An Amplitude Activation Function-Based Model for Behavioral Modeling of Nonlinear Systems

Nonlinear models with a linear-in-coefficients property, i.e., the property that the model output is linear with respect to model coefficients, are highly valuable for behavioral modeling of nonlinear systems. One major reason is that well-established estimation methods used in linear systems (such as the least-squares estimation) are suitable for model identification. To date, however, nonlinear models with a linear-in-coefficients property have been limited almost exclusively to polynomial function-based models. This paper explores the use of nonlinear functions other than the polynomial function to construct a nonlinear model that maintains the linear-in-coefficients property. Specifically, a new linear-in-coefficients model structure is proposed, which generates a model basis function from any typical nonlinear function. The nonlinear function used to construct the proposed model is comparable to the activation function of the neural network.
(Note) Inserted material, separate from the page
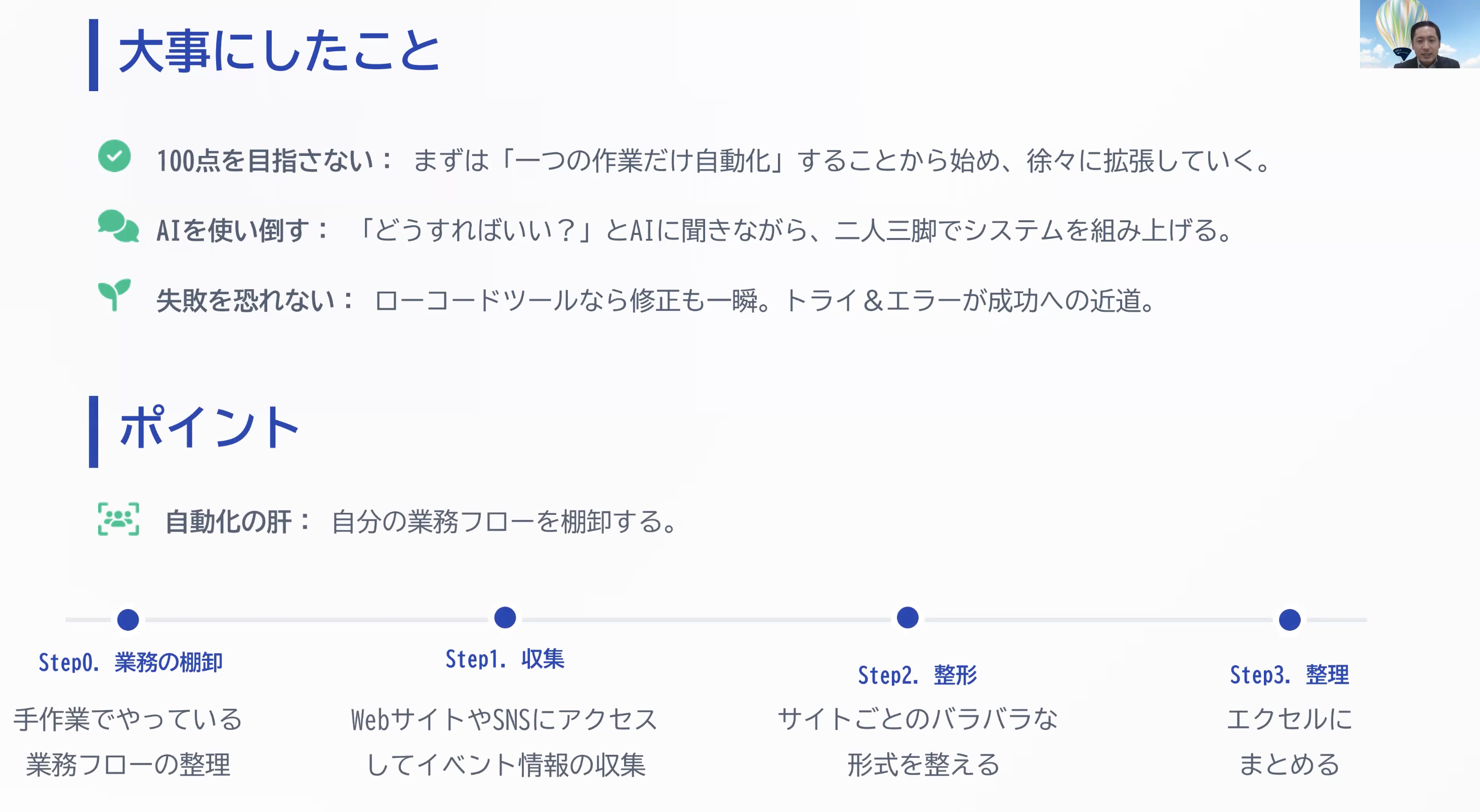 振り返りとして山岡さんが大切にしたことは3つ。100点を目指さない、AIを使い倒す、失敗を恐れない。この姿勢が、非エンジニアの職員が業務自動化を実現させた鍵だったようです。現在は人事課の通勤距離確認業務(数百件)の自動化にも取り組みを広げています。
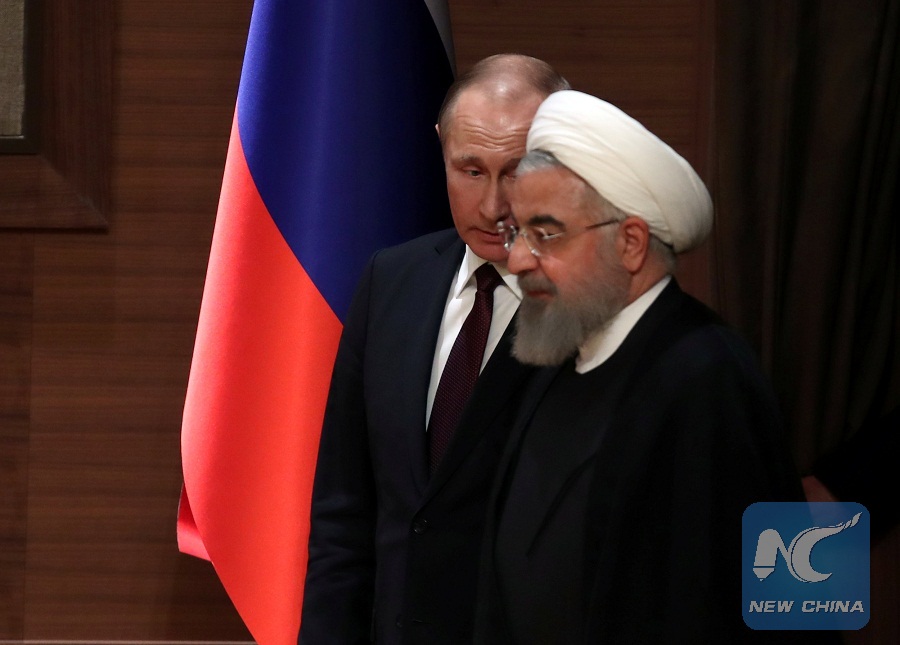 Russian President Vladimir Putin and his Iranian counterpart Hassan Rouhani arrive for a joint news conference after their meeting in Ankara, Turkey April 4, 2018. (Reuters Photo)

It can be, e.g., the exponential function, the logarithmic function, or even the ReLU function. Therefore, the proposed model is called an amplitude activation function (AAF)-based model. The proposed AAF-based model introduces several slope and intercept factors to generate different basis functions. Its memory structure draws on that of the conventional polynomial function-based model. Experiments demonstrate that the proposed AAF-based model is more robust to the number of training samples compared with the conventional polynomial...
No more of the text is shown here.